Find out why you have been asked to speak. Why have you been approached and not others? What are they wanting the people in the audience to hear and feel? Once you know this find the key purpose for your presentation. What’s your goal and what content should you include. Kind of like a what’s in and what’s out content list.

2. Key Messages

A key message is an important point that you want to share. Your key message/s should be relevant to your audience and be instantly relatable to them. Write up your key messages and become very clear about them. For example, if your presentation is about Time Management then key messages could be like;

  • Set goals that are achievable and measurable
  • Set a time limit to complete a task
  • Prioritise task from most to least important
  • Complete one task at a time – don’t multi-task

Keep them short, clear and concise – no waffle.

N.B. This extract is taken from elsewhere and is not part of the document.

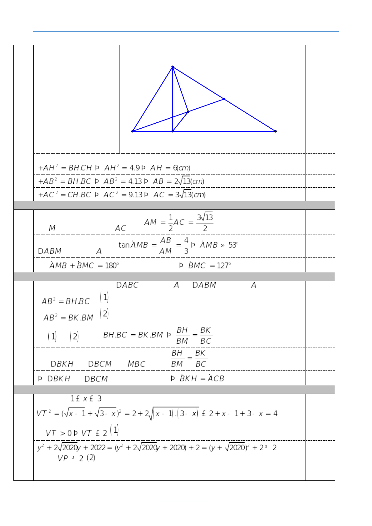 a) Biết BH = 4 cm và CH = 9cm . Tính độ dài đoạn thẳng AH

3. Use Stories and Examples that are Easy for Your Audience to Understand

Using stories and examples will help to creatively connect with your audience. They will relate to the stories and examples you share and it’s likely this will evoke emotion in them so they deeply connect with the story. This means they are engaging with the content and learnings you are sharing. You can use case studies, personal stories and anecdotes or even a news story or storyline from a movie etc. They will be all ears and will listen deeply to what you have to say. Stories can also help to explain and help listeners understand complex or abstract concepts.

4. Vary your Pace and Tone

No one likes to listen to someone speaking in monotone for very long. Changing the volume, pace and tone when you speak adds interest. It’s like you are singing as your listeners get drawn in to what you are talking about as well as how you are speaking. Changing pace helps to build some suspense (slower) or excitement (faster) and varying your tone will add interest and at times you will see people leaning and almost stretching towards you to hear what you are going to say next. Practise pace and tone when you are getting ready for your presentation as it really will add spice.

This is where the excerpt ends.